Coalescence and self-incompatibility

Lab 9 is now posted. As usual, you can find it from the Lab Schedule page or from the direct link below. Although there is a little simulation this week, there’s only one simulation, and it runs pretty quickly (4-5 seconds) on my laptop). As with Project #2, the emphasis here is on interpreting the results. If you’d like an overview of sRNases (the proteins produced by the loci used in this exercise), the Igic and Kohn paper below is a bit old (OK, two decades old), but it provides a good overview of the phenomena.

  • Comparing simulated and “observed” coalescent times

Igic, B., and J.R. Kohn. 2021. Evolutionary relationships among self-incompatibility RNases. Proceedings of the National Academy of Sciences USA 98:13167-13171. doi: 10.1073/pnas.231386798

Conservation genetics of Pacific salmon – Project #2

I’ve just uploaded Project #2. As usual, you can find it either from the Lecture Schedule page or from the direct link below. This project is different from any of the lab exercises you’ve done so far. There isn’t data to analyze, and there aren’t simulations to do. Instead, there’s a paper by Robin Waples and David Teel to read: Conservation Genetics of Pacific Salmon I. Temporal Changes in Allele Frequency. [1]This link takes you to the website of Conservation Biology. I can’t seem to get to the full-text of the paper from off-campus, even though the VPN, but there is a freely available version at: … Continue reading After reading the paper, I have five questions for you to answer. When I grade this project, I will be evaluating how well you use what you’ve learned about genetic drift and natural selection to answer the questions. None of the answers need to be more than a couple of paragraphs. Feel free to submit them in whatever form you find convenient, Word document, R notebook, PDF, or Pages are formats I know I can handle easily. If you send it in a form I don’t recognize, I’ll be in touch.


1 This link takes you to the website of Conservation Biology. I can’t seem to get to the full-text of the paper from off-campus, even though the VPN, but there is a freely available version at:

Exploring the coalescent

I’ve just posted Lab 7. You’ll find it in the usual places, i.e., from the Lab Schedule page or from the direct link below. As you’ll see, this lab exercise will allow you to explore the coalescent by comparing the time to coalescence of all alleles in a sample as a function of the rate of migration, the number of populations exchanging genes, and the migration model, i.e., either the finite island model you explored in last week’s exercise or the one-dimensional stepping stone. As noted in the exercise itself, the run_simulation() function will run 1000 samples by default. I recommend picking a smaller number first, say 50 or 100, to get a sense of how long a full run will take before you start the simulation. It shouldn’t be surprising that simulations take longer the more populations that you specify. There’s no need to try simulating more than 100 populations. You’ll see any patterns associated with differing numbers of populations by the time you get to that many.

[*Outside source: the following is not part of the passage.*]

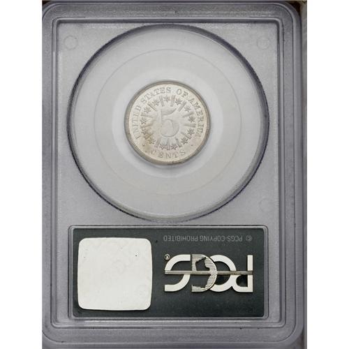 <B>1865<5C> Shield Nickel, Judd-416, Pollock-488, High R.6, PR64 PCGS.</B></I> A transitional pattern with the designs of the 1866 Rays Shield nickel issued for circulation, but dated 1865. In the same category of patterns as the widely collected 1856 Flying Eagle cent, but not as well known. Struck in nickel with a plain edge. Delicately toned pale gold and powder-blue, with minor striking weakness in the centers. Housed in a green label holder. Population: 8 in 64, 1 finer (3/06).

Lab exercise for Week 6 posted

I’ll have grades returned for Week 5’s lab by the end of the day tomorrow. This week’s lab is a bit more involved for a couple of reasons.

  1. Each set of simulation conditions will take you longer to run. Each set takes about half an hour on my MacBook. You’ll want to get an early start on the exercise so you have a chance to explore at least five different sets of conditions.
  2. The questions ask you to stretch a little and interpret the results of the simulations relative to theoretical expectations.

As usual, you can get directly to the exercise from the link below, or you can get to it through the Lab Schedule page.

Lab exercise for week 5 posted

I just posted the lab exercise for week 5. You can find it from the Lab Schedule page, or you can click on the link below. As you’ll see, this week’s exercise is a bit different. Rather than analyzing data, you’ll be running a small simulation to explore some properties of drift. Provided that you show results from at least 10 different sets of parameters, you’ll get 10 out of 10 points for this exercise. The next two weeks will be similar, except that I’m liable to ask you to stretch a bit and explain some aspect of the results you see in weeks 6 and 7.

Project 1 now available

Project 1 is now available. You can find it from the Lab Schedule, or you can download it directly from this link. You’ll be analyzing the same data as you did last week, but it’s in a different format. If you continue to use population genetics in your research after this course, one of the things you’ll discover is that there are a variety of different formats used by different packages. In addition to using R for analyses, you’ll find that you need to learn how to wrangle data in R (or in Python), but I’ll do my best to protect you from that this semester.

Updated notes on Bayesian estimates of Fst

I included a few details about the Bayesian model that Hickory uses that weren’t in the notes I posted earlier – the among population allele frequency distribution and extending the model to includ locus- and population-specific effects. I’ve edited the notes to include those details, and you’ll find new HTML and PDF versions on the website. They’ll appear in the consolidated “book” version of the notes in mid-late December.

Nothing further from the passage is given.